Unlike many of the long-term patients, he has a chance at a nearly full recovery, and he believes he still has a role in the conflict.

“I have to go back to Syria to continue fighting because there is still a war in Syria. We have not finished yet,” Ghonaimi said.

A staff of refugees

Fuazia Alyusif is one of the few women at the center, injured when she went out to water a thirsty tree and a bomb fell.
KJ Dakin for Al Jazeera America

Fuazia Alyusif is one of only three women at the center. (Ten to 15 percent of the center’s patients are women and children.) She was injured outside her home six months ago.

“I was watering the tree because it was thirsty,'' she said, "and a missile hit the wall next to me.”

Her left arm now ends midway to her elbow, and she cannot walk because of the severe fracture in her left femur. When she was treated in Syria, there were no antibiotics, and her limbs began to swell. She made it to Dar al-Istshfaa in August and is healing, she said.

The center’s approximately 45 staff members are all refugees. There are seven doctors, two pharmacists and one psychologist, as well as several physiotherapists, nurses and other specialists.

Dr. Ahmed Shareef was halfway through a five-year hospital residency in orthopedic surgery in Damascus when the revolution began. A supporter of the peaceful protests, he said he was threatened by government forces.

“I was threatened to be arrested,'' he said. "They arrested two of my best friends and killed them in jail.”

When the armed fighting began, the hospital was flooded with wounded civilians, protesters and fighters.

“Any man who came into the hospital would be executed in the hospital,” Shareef said, “any man.”

War and hunt for funds

Then government soldiers began to bring in prisoners — “prisoners who had been tortured,” Shareef said.

However, the doctors were not allowed to perform necessary surgeries, and if the prisoners needed drugs, they were rationed only enough for a single day. Then they were taken back.

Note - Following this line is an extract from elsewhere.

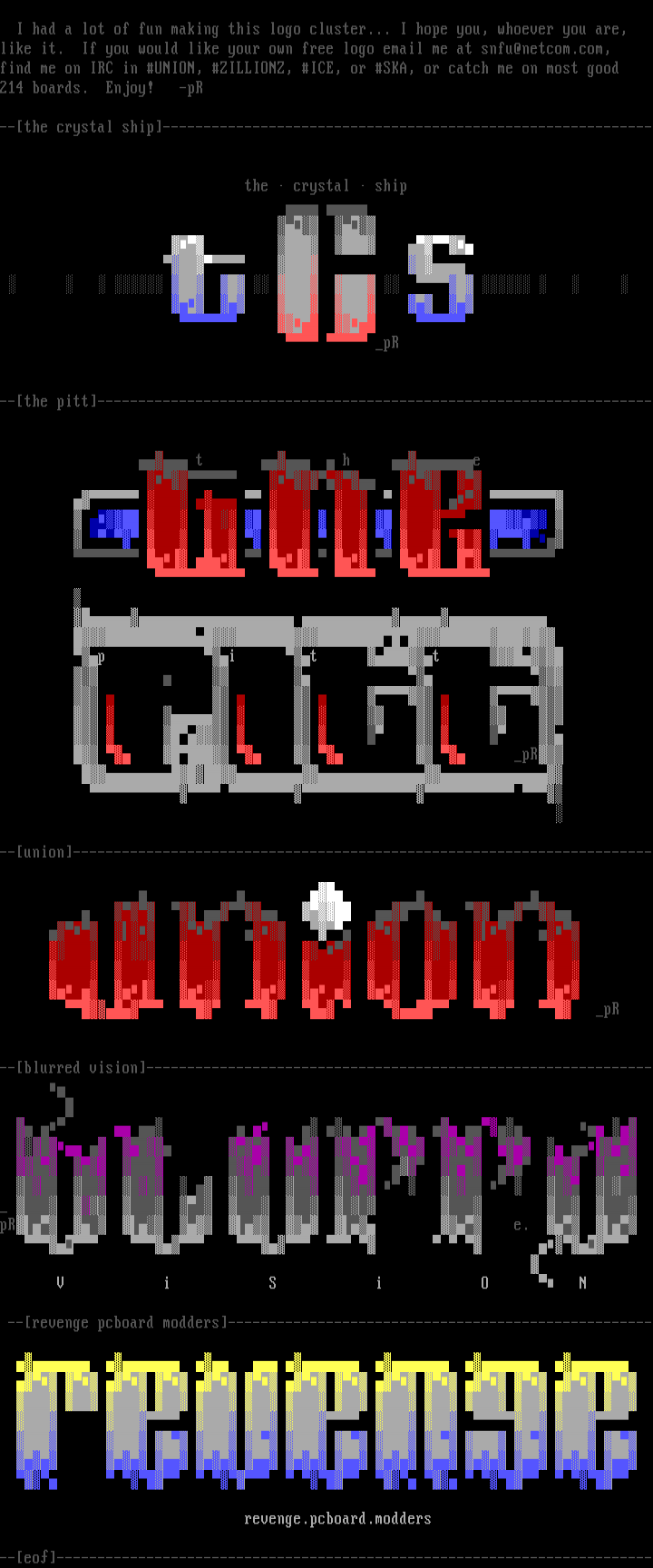 find me on IRC in UNION, ZILLIONZ, ICE, or SKA, o

“I had to leave,” Shareef said.

Last month the U.N. released a special report that said both sides had committed war crimes but that accused the Syrian government forces of targeting hospitals, field hospitals and medical personnel as well as preventing the injured from receiving treatment and using hospitals as centers for torture. The report also documented evidence that opposition forces attacked hospitals, but to a much lesser degree.

No one knows which side will win or when the war will end, but the daily hunt for funds will go on as long as the war does.

The cost of running Dar al-Istshfaa averages $75,000 per month. The greatest toll on its budget is medication, particularly the wide spectrum of painkillers the center goes through.

If there is a supply shortage, they must turn patients away, said head nurse Maisaa Ahmed.

While patients and staff are focused on the now, questions of the future are met with a prevailing sense of uncertainty. Some want to go home, but their homes are rubble. Some want to get back in the fight but are no longer able. Some want to emigrate but have little hope of doing so because of poverty and complicated refugee policies. All hope the war will be over tomorrow.